On the other hand, the invention also provides a multi-field lip language identification sample automatic generation system based on corpus relation, which comprises an information acquisition module, a first corpus storage module, a second corpus storage module, a corpus extraction module, a lip-shaped sample generation module, a label annotation module, a third lip-shaped video storage module and a fourth lip-shaped video storage module:

the information acquisition module acquires massive text information in an acquisition range in various forms and processes the text information to obtain field corpus information; the collection range comprises a currently existing public lip language data set and text files related to field keywords;

the first corpus storage module is used for storing corpus information of the existing public lip language data set and the original lip video acquired by the information acquisition module;

the second corpus storage module is used for storing the domain corpus information acquired by the information acquisition module;

the corpus extraction module is used for performing word segmentation and word frequency calculation on the domain corpus information in the second corpus storage module, and updating the second corpus storage module after obtaining a domain corpus;

the lip sample generation module is used for generating a digital lip sample file for the corpus information stored in the first corpus storage module and the domain corpus stored in the second corpus storage module;

the label annotation module is used for carrying out label annotation on the generated digital lip sample file to form a field lip database and storing the field lip database into the fourth lip video storage module;

the third lip-shaped video storage module is used for storing the digital lip shape obtained by the corpus information of the first corpus storage module in the sample generation module, and combining the corresponding original lip-shaped videos to obtain a new lip-shaped database;

the fourth lip-shaped video storage module is used for storing a field lip-shaped database obtained after the field corpus information of the second corpus storage module is processed by the sample generation module and the tag annotation module.

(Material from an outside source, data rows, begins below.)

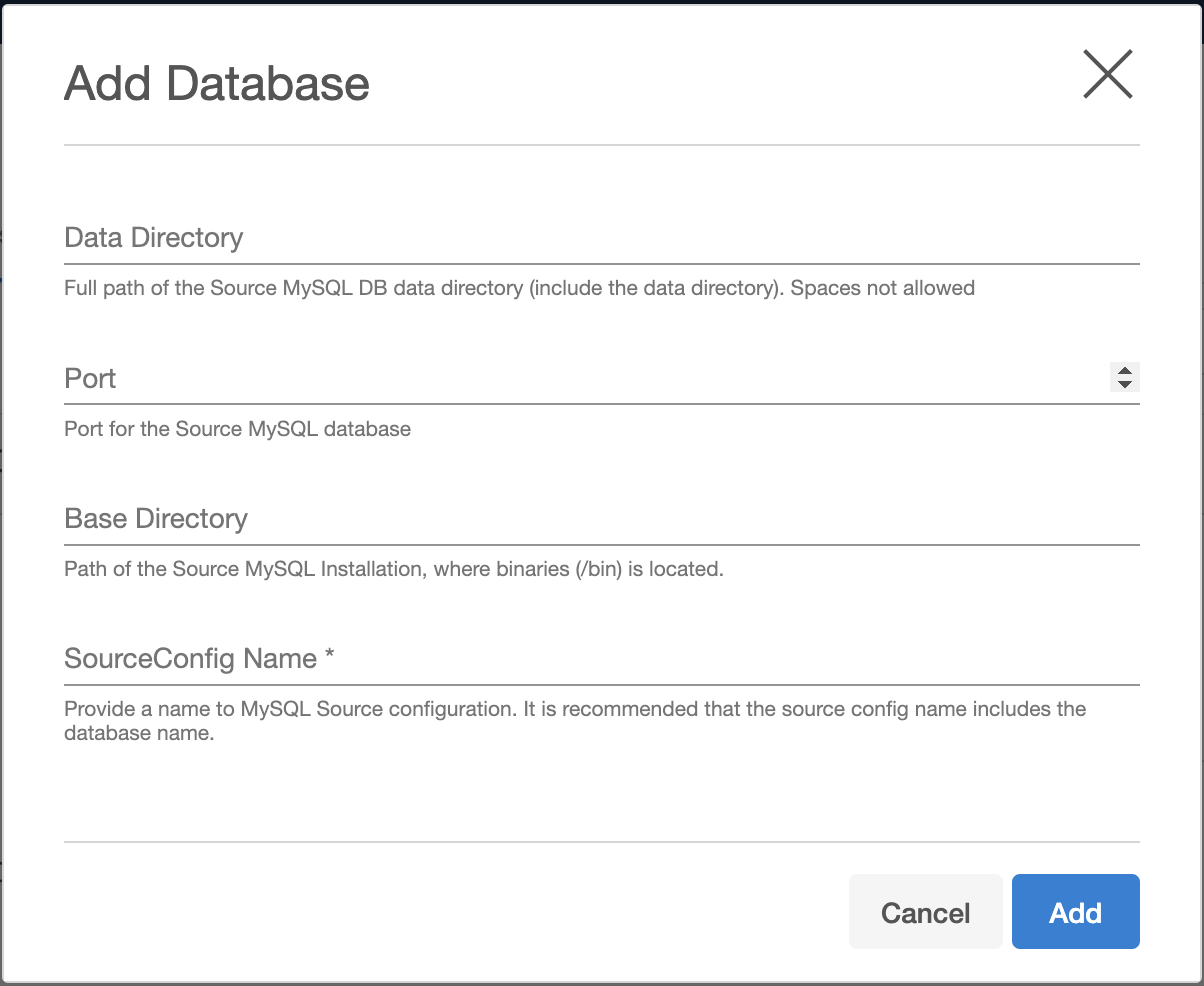 In the Add Database dialog window, provide the Data Directory, Port, Base Directory of the source database, and SourceConfigName for your source configuration, and then click Add. It is necessary to provide values for all the fields for the Replication ingestion type.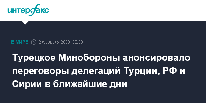 Москва. 2 февраля. INTERFAX.RU - Делегации оборонных ведомств Турции, России и Сирии в ближайшее время проведут переговоры на техническом уровне в продолжение прошедших в декабре переговоров в Москве, заявил в четверг турецкий министр обороны Хулуси Акар.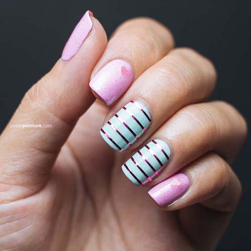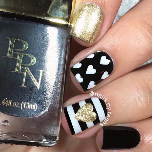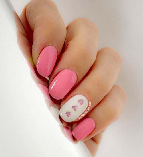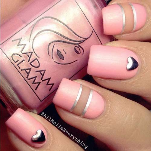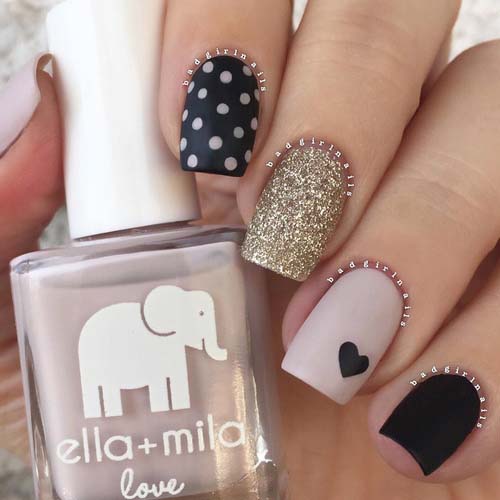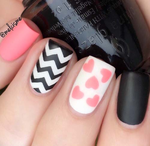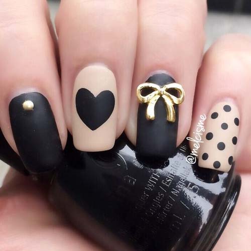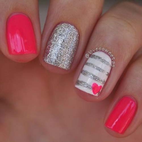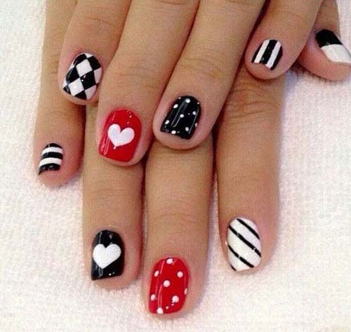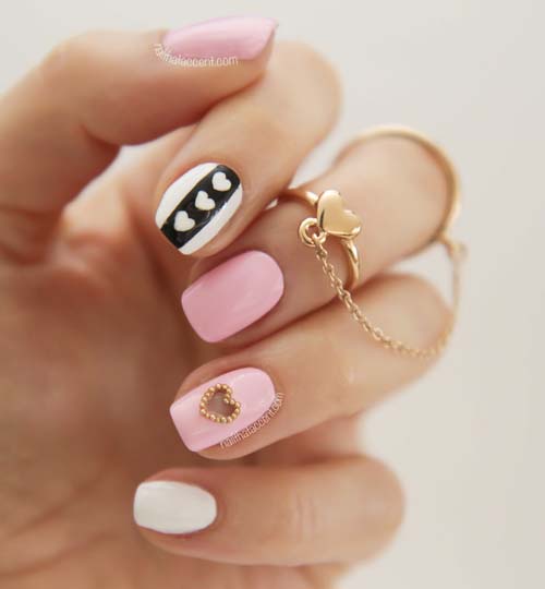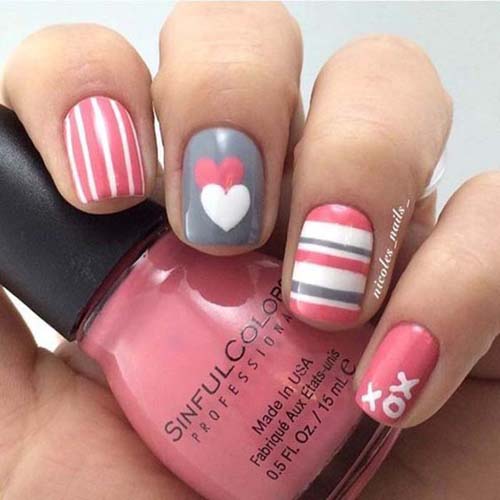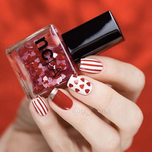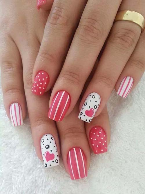 Στολίστε τα νύχια σας με καρδιές και γράμματα που σχηματίζουν λέξεις όπως Love. Επίσης, δοκιμάστε τα πουά ή τα ριγέ μανικιούρ, τα οποία είναι all time classic επιλογές για Valentine’s Day.

The beneficial effects of adopting above-mentioned technical scheme to produce lie in: according to the multi-domain lip data automatic generation method based on the corpus relation for lip language identification, which is provided by the invention, (1) the related characteristics of an original corpus are supported to be extracted from large-scale data, a professional corpus can be constructed for each domain, and a balanced corpus with uniformly distributed text characteristics is realized; (2) The automatic acquisition of data and the intelligent generation of the digital lip shape are realized, and the labor cost for constructing a data set can be effectively reduced; incremental management is carried out on the corpus, so that the sample number and category diversity of lip language identification research are improved; (3) The training and testing data set can be provided for the lip language identification model, and the original lip language video sample and the generated digital lip shape video sample are combined, so that the generalization capability of the lip language identification model can be effectively improved.

Drawings

Fig. 1 is a schematic flow chart of a multi-domain lip data automatic generation method based on corpus relation for lip language identification, which is provided by the embodiment of the invention;

FIG. 2 is a digital face model for use in synthesizing lips according to an embodiment of the present invention;

FIG. 3 is a digital lip sample generated in accordance with an embodiment of the present invention;

fig. 4 is a structural block diagram of a multi-domain lip data automatic generation system based on corpus relation for lip language identification provided by the embodiment of the invention;

fig. 5 is a schematic diagram of a sample generation flow of a lip language recognition model training method according to an embodiment of the present invention.

Detailed Description

The following describes in further detail the embodiments of the present invention with reference to the drawings and examples. The following examples are illustrative of the invention and are not intended to limit the scope of the invention.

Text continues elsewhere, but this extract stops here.